Nodes in the data type layer are types of data as the starting point for the data processing. Here, an individual node is provided for a combination of a plurality of data types. In FIG. 3, “test data”, “prescription record”, and “test data, prescription record” are connected as the nodes connected to “level of care needed prediction within 90 days”. Similarly, “nursing record”, “test data”, and “prescription record, personal basic data, nursing record” are connected as the nodes connected to “readmission rate within 30 days”.

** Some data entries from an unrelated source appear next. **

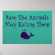 This is a Dean Johnson Fine Art design featuring a purple whale saying "Save the Animals Stop Eating Them". With dark purple text on a turquoise background. This text is customization. Gracias for supporting my Zazzle store.
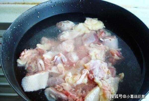 3.將本地雞塊用冷水焯一下。最好不要煮得太久。把它們打開一點。如果你看到有血泡沫冒出來,把它撿起來。最好將它們放入冷水中,這樣雞肉才柔軟可口。
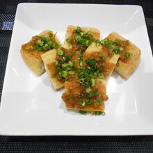 生姜がアクセントです!揚げ(厚めのお揚げ)1枚 (A)ひしお大さじ1 (A)生姜すりおろし小さじ1 青ネギ(小口切り)適量
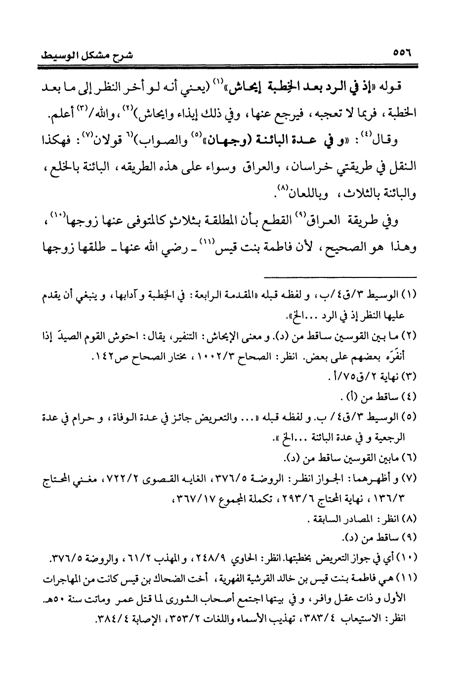 (¬5) الوسيط 3/ ق 4/ ب. ولفظه قبله " ... والتعريض جائز في عدة الوفاة، وحرام في عدة الرجعية وفي عدة البائنة ... إلخ".
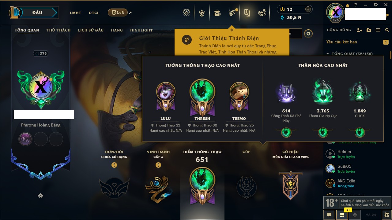 Rank Đơn: Chưa RankKhung: Bạch kimTướng: 172 - Còn 59200 THXTrang Phục: 471Rank ĐTCL: Bạch Kim IIILinh Thú: 114
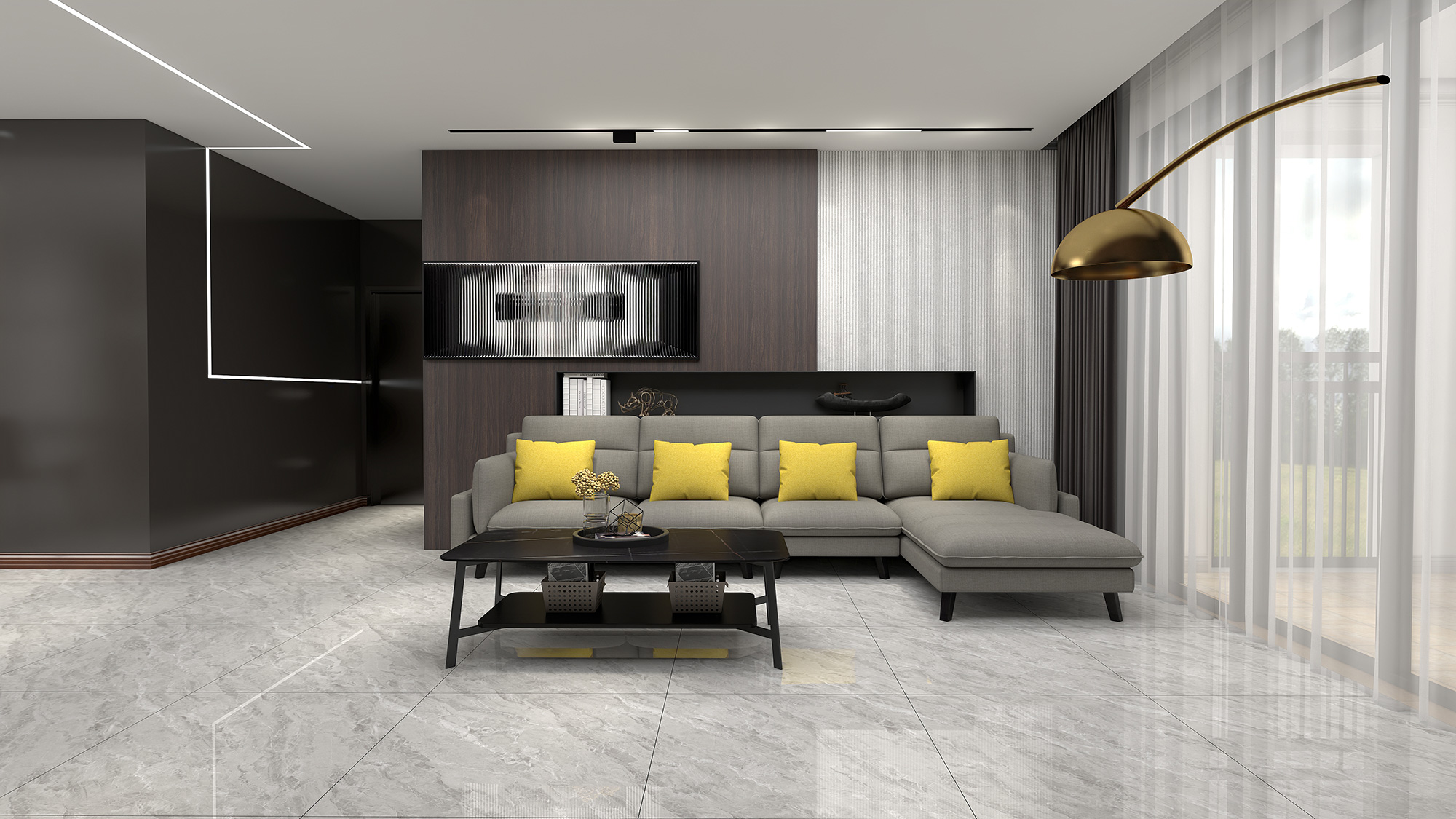 沉稳大气的蒙达尔,时尚且不可复制的纹理,自然逼真的肌理,丰盈的质感,深灰、浅灰和黄色组合在一起,雅奢的生活空间呼之欲出。
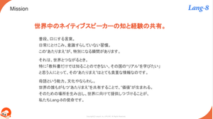 世界中のネイティブスピーカーの知と経験の共有をVisionに、日々業務を推進しています。
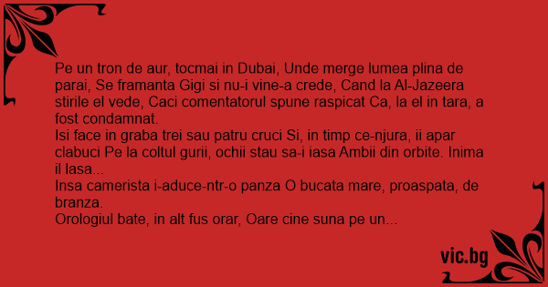 Pe un tron de aur, tocmai in Dubai, Unde merge lumea plina de parai, Se framanta Gigi si nu-i vine-a crede, Cand la Al-Jazeera stirile el vede, Caci comentatorul spune raspicat Ca, la el in tara, a fost condamnat.
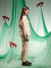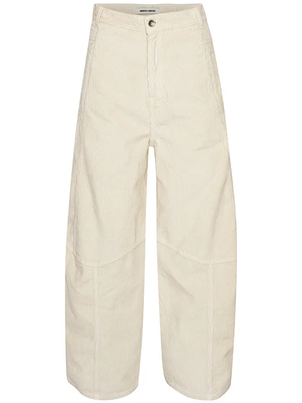 Dusk Corduroy Pants in Ecru from Henrik Vibskov's SS25 Studio Collection 'The Orchestra of the Soft Assistance' Highlights - light beige - high waisted - button and zip closure - ballon legs effect - pockets The models are 178 cm and are wearing size small Made in Portugal Designer ID: SS25STUD-F502 Colour ID: 150 Ecru Materials 100% Organic Cotton

A node in the processing record layer corresponds to an actual processing result. In FIG. 3, “TEST_ID=10” and “TEST_ID=330” are connected to the node of the prescription record, and are each identification information attached to a processing result of one corresponding data processing.

Next, a system configuration of the data processing assistant system will be described. FIG. 4 is a system configuration diagram of the data processing assistant system. As shown in FIG. 4, the data processing assistant system includes a server 10, a main database (DB), and a meta DB 40.

The server 10 includes a central processing unit (CPU) and a memory 12. The CPU 11 operates as various functional units by loading and executing a program read from an auxiliary storage device (not shown) on the memory 12 that is a main storage device. FIG. 4 shows a state in which a program operating as a correspondence structure creation unit 21, a processing information presentation unit 22, a question searching unit 23, a necessary data type searching unit 24, and a screen input and output unit 25 is loaded in the memory 12.

A main DB 30 is a database that stores data as the starting point for data processing in addition to a feature set 31 and a model binary 32. The data as the starting point of the data processing includes test data 33, a prescription record 34, and the like. The feature set 31 is a data group worked on for input to the machine learning model. The model binary 32 is data that identifies the machine learning model.

The meta DB 40 is a database that stores data processing management data 41, correspondence structure data 42, an adaptation table 43, an alternative table 44, and the like. The data processing management data 41 is data in which the processing records of the data processing are accumulated. The correspondence structure data 42 is data that uniquely specifies the correspondence structure. The adaptation table 43 is a data table for registering data processing performed under the same condition as the designated data type and the designated question. The alternative table 44 is a data table for registering data processing performed under a similar condition as the designated data type and the designated question.

Based on the processing records, the correspondence structure creation unit 21 creates the correspondence structure data 42 indicative of a correspondence relation among a data type indicating a type of the data, a question to be solved by the data processing, and a processing result, and stores the correspondence structure data 42 in the meta DB 40.

When receiving the designation of the data type and the question, the processing information presentation unit presents information related to appropriate data processing based on the correspondence structure data 42. Specifically, when tracing the hierarchical structure of the correspondence structure data 42 based on the designated data type and the designated question from the upper level and reaching the node connected to the processing record layer (a node in the lowest input layer), the processing information presentation unit 22 registers the data processing related to the processing records connected to the node in the adaptation table 43, and presents the data processing of the adaptation and the accuracy of the answer by the adaptation. The processing information presentation unit 22 obtains similarity between the designated data type and the designated question and a route by which the hierarchical structure is traced from the upper level, registers the data processing related to the processing records connected to the route having strong similarity in the alternative table 44, and presents the data processing of the alternative and the accuracy of the answer by the alternative.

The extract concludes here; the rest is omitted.